The current County Commissioners and other holdbacks too often appear willing only to point to the airport/business park and riverfront development as the main new efforts of economic stimulus to be pushed in the area. This amounts to basically a con job, a great little con, one that couples with their blaming of WVU and the state for assorted problems. This is often done to divert from their own County negligence. The City Council has done this too. These are negligent and derelict positions compared to pursuing the great public benefits of annexation, which the County Commission is de facto blocking and which the City Council has not remotely led on. Airport business park and riverfront efforts are important, as are equity from WVU and the state, but compared to city and regional benefits from serious annexation…benefits including boosted revenue, jobs, economy, quality of life (zoning, representation, parks, services, utilities, infrastructure, etc)…those 4 diversionary issues are mere tiddlywinks, a pittance. Serious border expansion approximating Morgantown’s Conceptual Urban Growth Boundary, at least, is the minimum that responsible City and County leadership should call for and act toward. Further great initiative is readily at hand.

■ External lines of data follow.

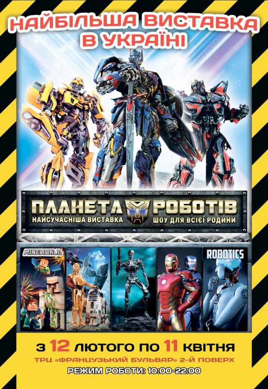 "Планета Роботов" - это уникальная интерактивная выставка современных роботов и трансформеров из металла, в полную величину, эта выставка считается крупнейшая в Украине!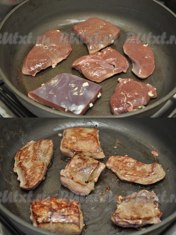 Обжариваем кусочки печени с обеих сторон по 3-4 минуты. Затем наливаем немного (30-50 мл) теплой воды, накрываем крышкой и тушим в течение 5 минут. Оставшийся сок от печени не выливаем, он нам еще пригодится.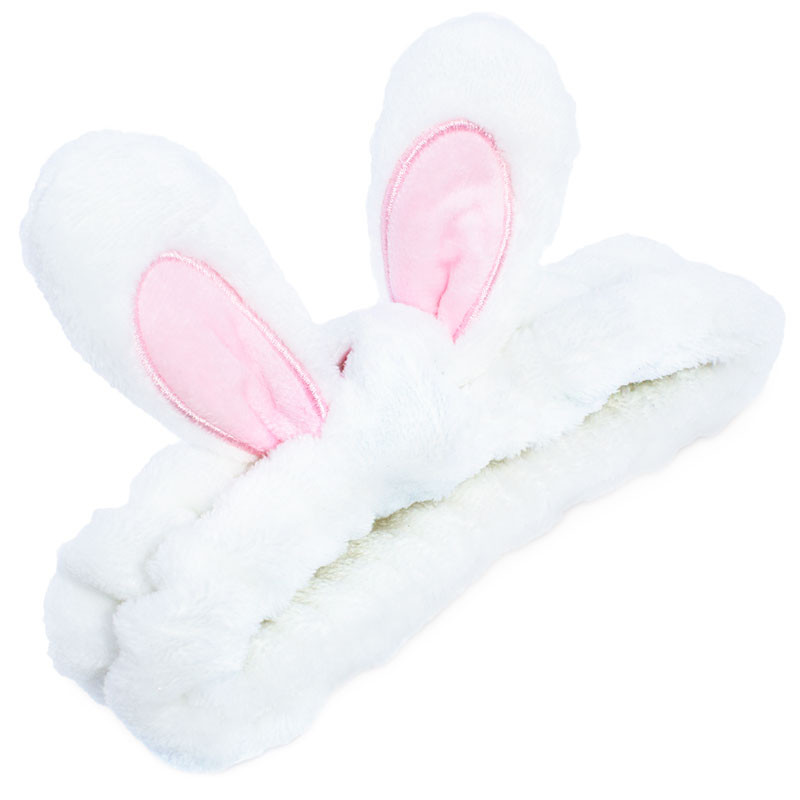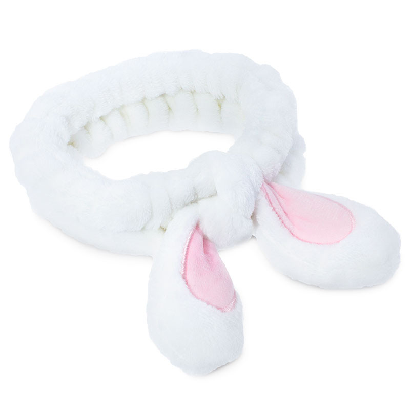 Dieses Make-up-Stirnband besteht aus feinem und seidigem Plüsch, einem Stoff, der Stofftieren oder Fleece sehr ähnlich ist. Es ist ein weißes Gummiband, das mit Hasenohren geschmückt ist. Die Ohren haben einen Draht im Inneren, um sie zu formen.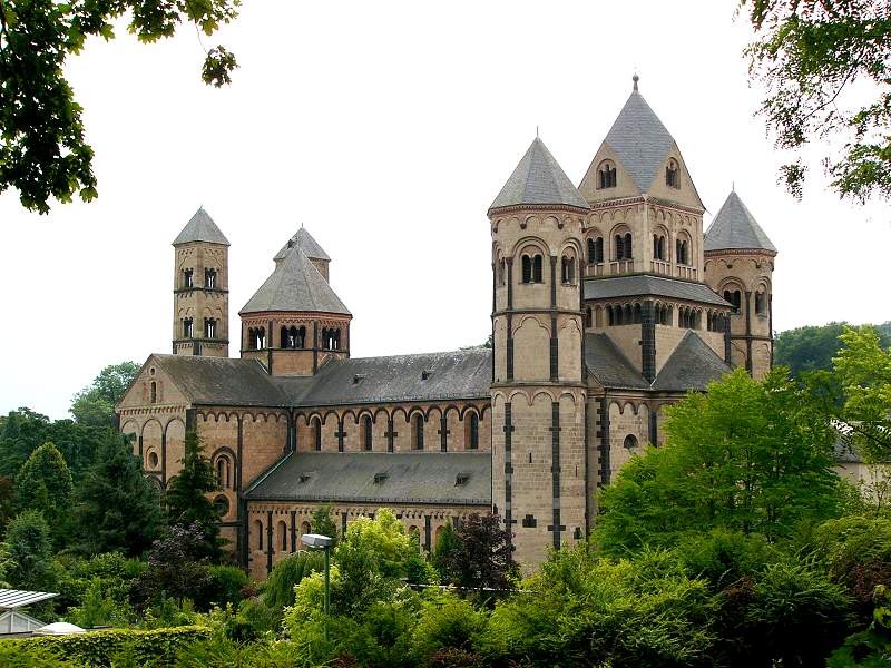Na levé straně Rýna, asi 10 kilometrů od jeho toku mezi Koblenzem a Bonnem, stojí u jezera Laach klášterní komplex, jemuž tvoří dominantu románský kostel. Opatský kostel kláštera Maria Laach je jednou z nejdochovalejších a nejkrásnějších románských staveb Německa.

It is long since time for the conversation to grow up among the elected leaders. Otherwise, the County Commission and the City Council will continue to pose as begging wards of mighty WVU and the state. The City Council is moving forward. The County Commissioners will need to join City Councilors in leading on annexation – or be swept out. Patriotism may be the last refuge of the landlords, but after that last refuge, as we’ve seen with the recent City Council election, the landlord mindset figureheads are simply removed from office, when positions that are vacuous, damaging, or otherwise unpopular are revealed for what they are.

Political power consists of opinions and ideas, also money. The money hasn’t gotten out from under the boots of the landlords much, but a lot of opinions and ideas have, and thus so has the power at the city level at least. We’ll see about the county level next. And the state, and beyond.

Is it asking too much of the local leaders of the city of Morgantown and in the county of Monongalia to try to catch up to the leaders of Westover, Charles Town, and Jefferson County? Far from it. A corner has been turned. The voters now seem intent on making certain that local officials get up to speed, just as the recent impressive election results have shown.